Filipina dan A.S. akan berbagi intelijen militer untuk meningkatkan interoperabilitas di Indo-Pasifik
Reuters
Filipina dan Amerika Serikat menandatangani perjanjian berbagi intelijen militer dalam rangka memperdalam ikatan pertahanan di antara kedua negara sekutu yang menghadapi tantangan keamanan bersama di Indo-Pasifik.
Menteri Pertahanan Nasional Filipina Gilberto Teodoro dan Menteri Pertahanan A.S Lloyd Austin menandatangani perjanjian itu pada pertengahan November 2024 di markas besar militer Manila. Di sana, mereka juga meresmikan pembangunan pusat koordinasi gabungan untuk memfasilitasi kolaborasi. Perjanjian Keamanan Umum Informasi Militer memungkinkan kedua negara itu untuk berbagi informasi militer rahasia secara aman.
“Perjanjian ini tidak hanya akan memungkinkan Filipina memperoleh akses ke kapabilitas lebih tinggi dan alutsista mahal dari Amerika Serikat, tetapi juga akan membuka peluang untuk mengupayakan perjanjian serupa dengan negara-negara berpandangan serupa,” ungkap juru bicara Kementerian Pertahanan Filipina, Arsenio Andolong.
Keterlibatan keamanan di antara Filipina dan A.S. telah meningkat dalam beberapa tahun terakhir ini ketika kedua negara itu berupaya untuk melawan aktivitas agresif Republik Rakyat Tiongkok (RRT) di Laut Cina Selatan dan di sekitar Taiwan yang memiliki pemerintahan mandiri.
Manila dan Washington memiliki perjanjian pertahanan timbal balik sejak tahun 1951, yang dapat diberlakukan jika salah satu negara diserang, termasuk di Laut Cina Selatan.
“Saya ingin memulai dengan menggarisbawahi komitmen teguh kami terhadap Filipina,” ungkap Lloyd Austin saat peletakan batu pertama pusat koordinasi itu, yang menurutnya akan memungkinkan pertukaran informasi waktu nyata dan “menjadi tempat bagi pasukan kita untuk dapat bekerja berdampingan guna menanggapi tantangan regional.”
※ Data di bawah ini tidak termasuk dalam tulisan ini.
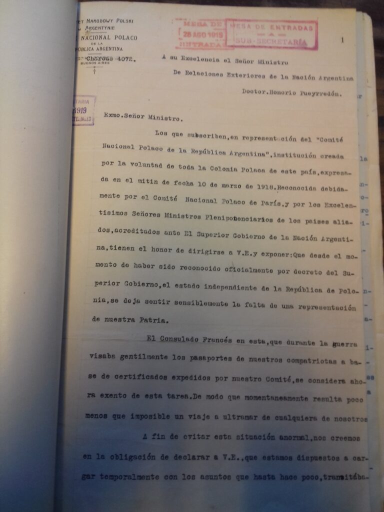 - Nota con fecha de 25 de agosto de 1919 del Comité nacional Polaco dirigida al Sr. Ministro de Relaciones Exteriores y Culto Dr. Honorio Pueyrredón. Hoja 1.
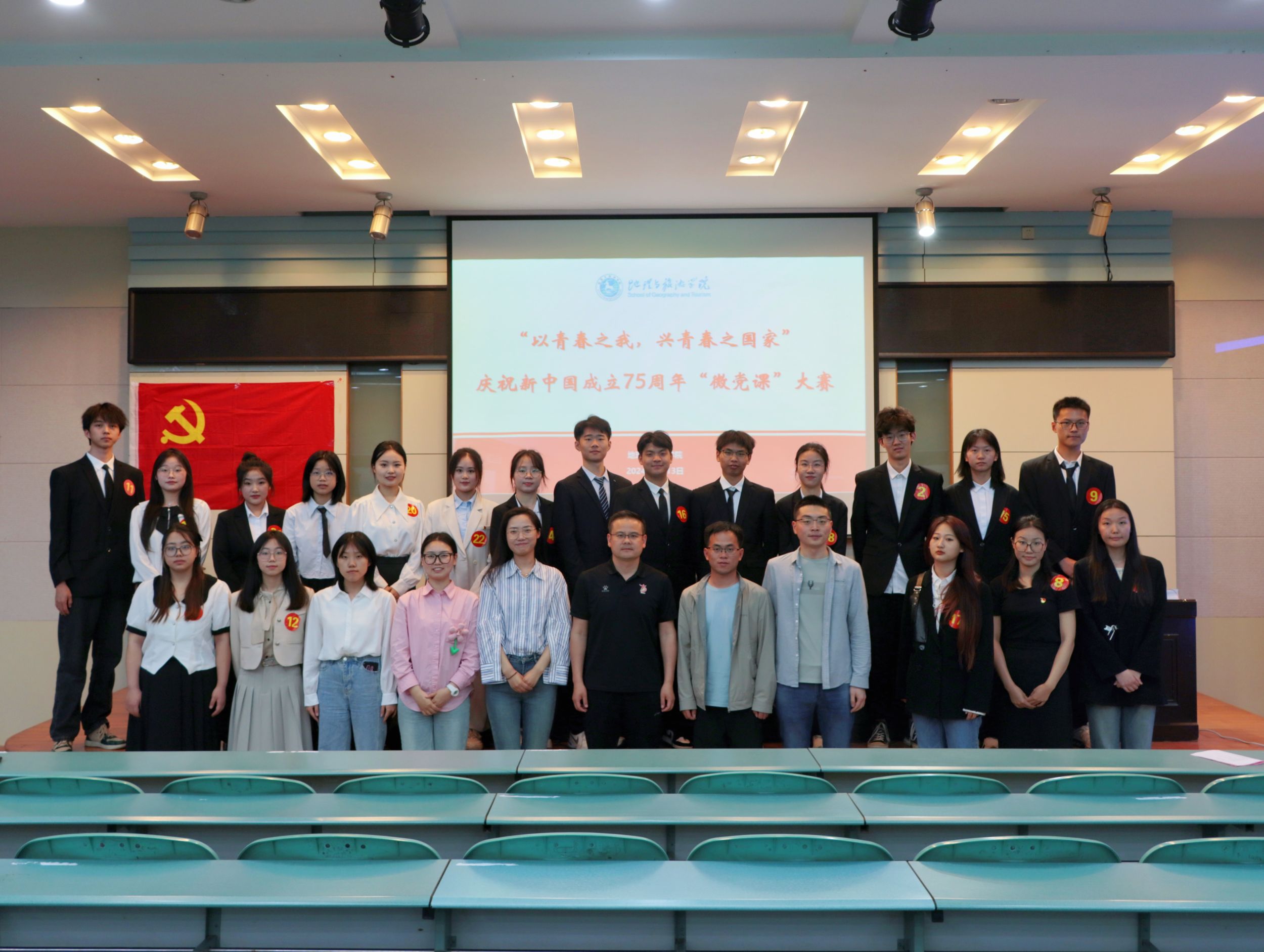 实验楼101报告厅开展了“以青春之我,兴青春之国家”庆祝新中国成立75周年“微党课”大赛。院党委副书记付勇、院团委书记韦银艳及各党支部书记担任评委,党员培训班成员、入党积极分子到场观摩学习。
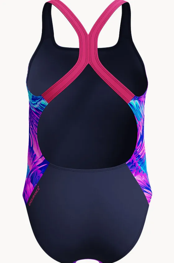 Speedo Girls Allover Print Powerback One Piece in Pink/Blue offers a chlorine resistant thread, powerback straps, sustaniable, and is available in sizes 8-14.
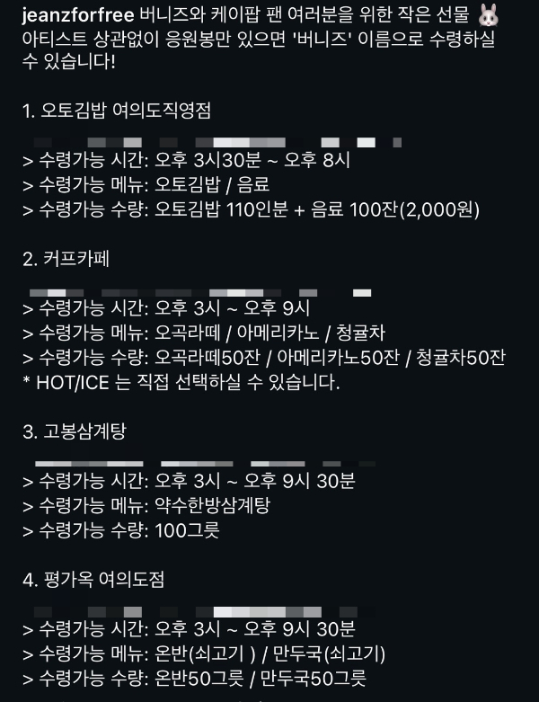 뉴진스 다섯 멤버는 작년 12월 14일 새로 개설한 인스타그램 ‘진즈포프리’(jeanszforfree)에 버니즈와 K팝 팬을 위한 작은 선물이라며 어떤 아티스트 팬이라도 상관 없이 응원봉만 있으면 먹거리를 수령할 수 있다고 '탄핵 찬성 집회' 참여자에 선결제 음식 제공을 공지했습니다.
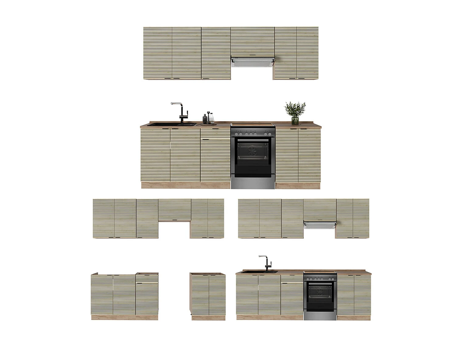 Mueble de cocina panel roble/blanco 240x60x81.6 fame-line
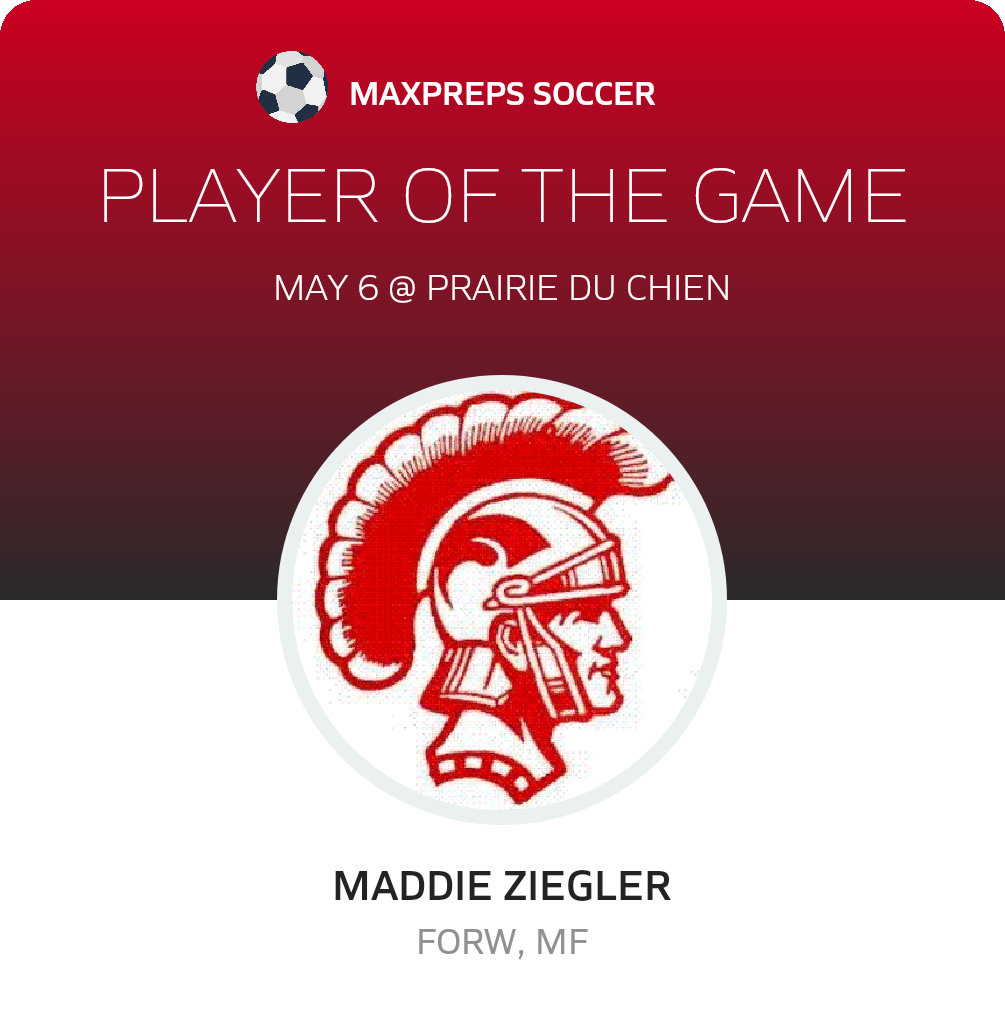 Congratulations to #5 Maddie Ziegler for being selected the Sparta Girls Soccer Player of the Match.
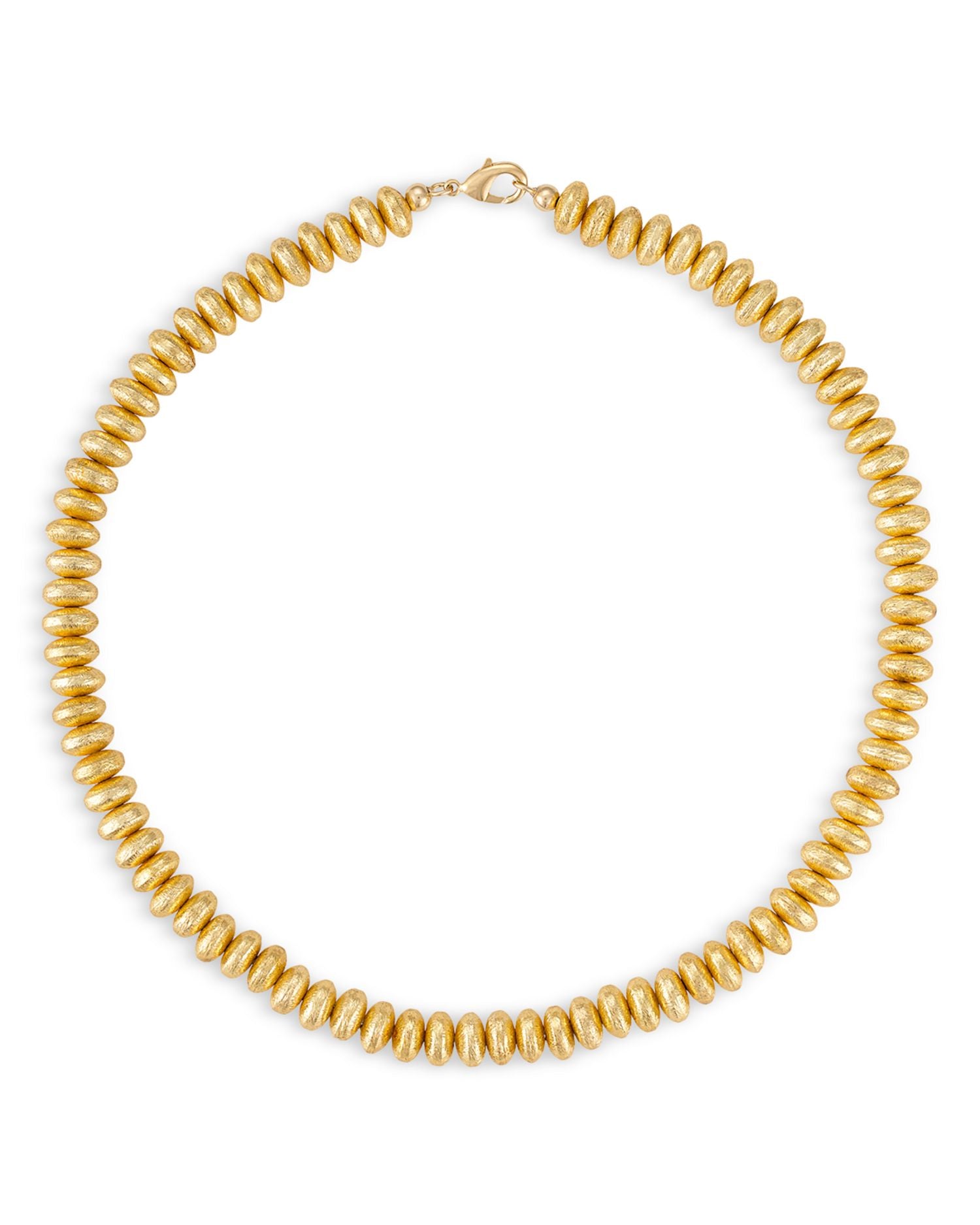 Rondelle 14K Yellow Gold Plate Brushed Bead Collar Necklace, 15"
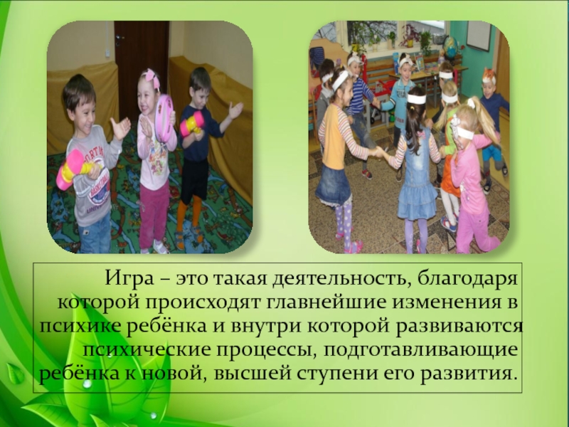 Слайд 2Игра – это такая деятельность, благодаря которой происходят главнейшие изменения в
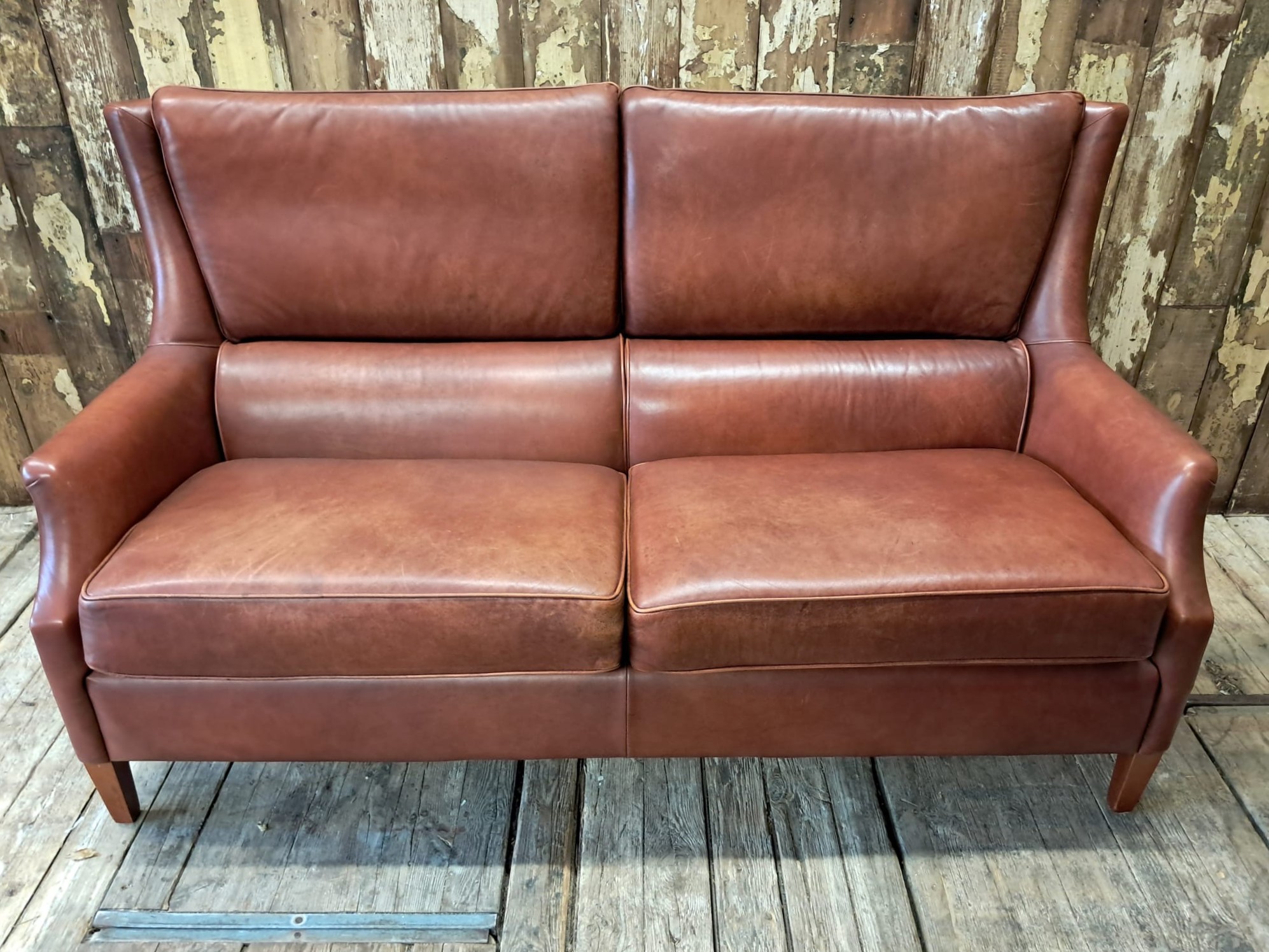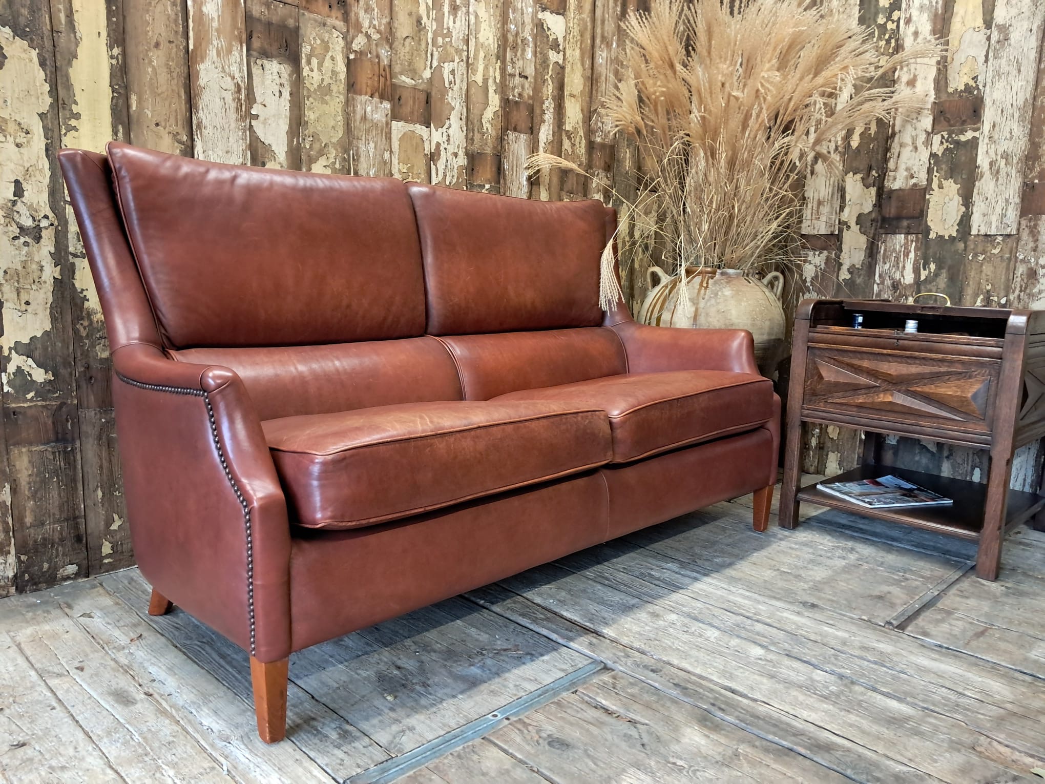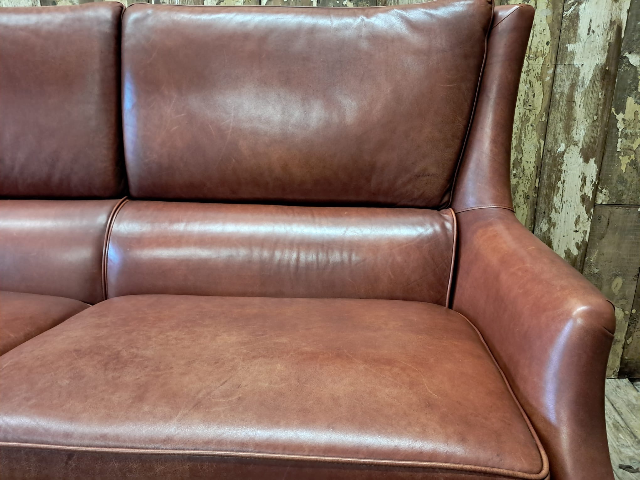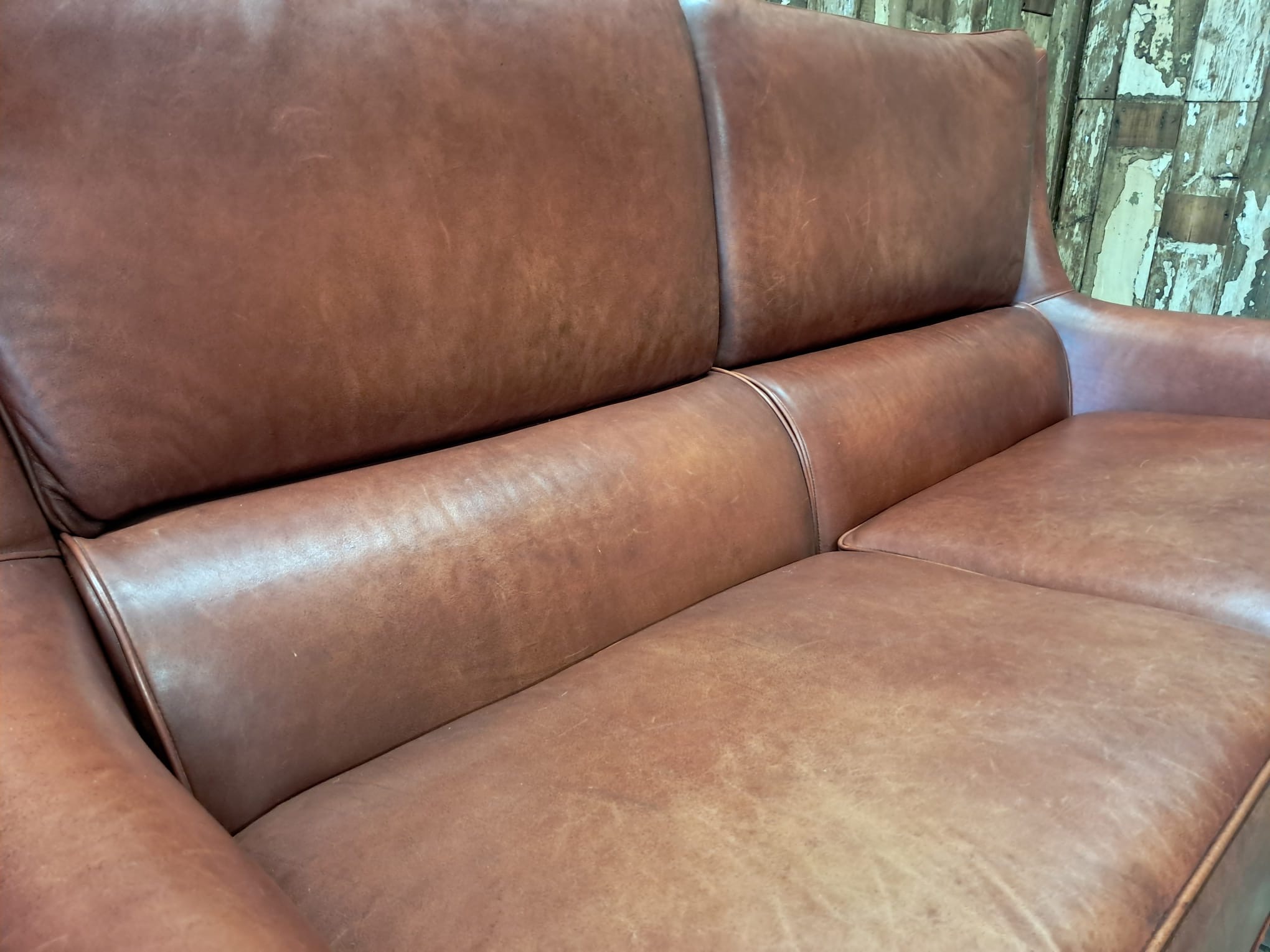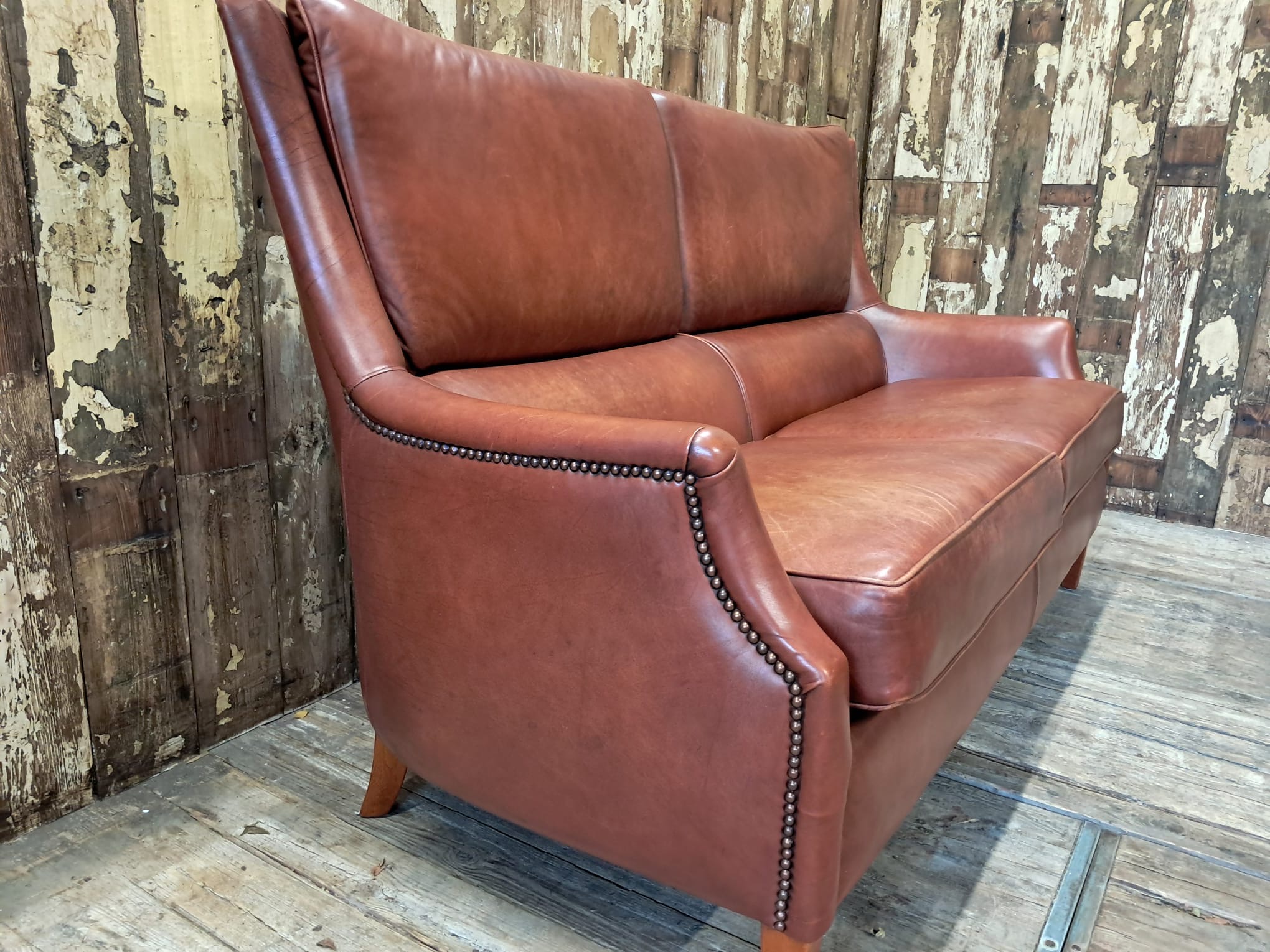 Rich tobacco brown leather with immaculate studwork to the edges and sweeping arms.

Filipina merupakan salah satu dari beberapa negara yang menghadapi peningkatan agresi RRT di Laut Cina Selatan, jalur lintasan kapal pengangkut perdagangan senilai lebih dari 47,71 kuadriliun rupiah (3 triliun dolar A.S.) setiap tahunnya. RRT mengklaim hampir seluruh jalur perairan itu sebagai wilayahnya, meskipun mahkamah internasional pada tahun 2016 memutuskan bahwa klaim Beijing tidak memiliki dasar hukum.
RRT telah menolak keputusan itu, yang menyebabkan serangkaian konfrontasi laut dan udara yang telah mengubah Laut Cina Selatan menjadi potensi pusat ketegangan.
“Kehadiran Amerika Serikat di kawasan Indo-Pasifik sangat penting untuk menjaga perdamaian dan stabilitas di kawasan ini,” ungkap Gilberto Teodoro.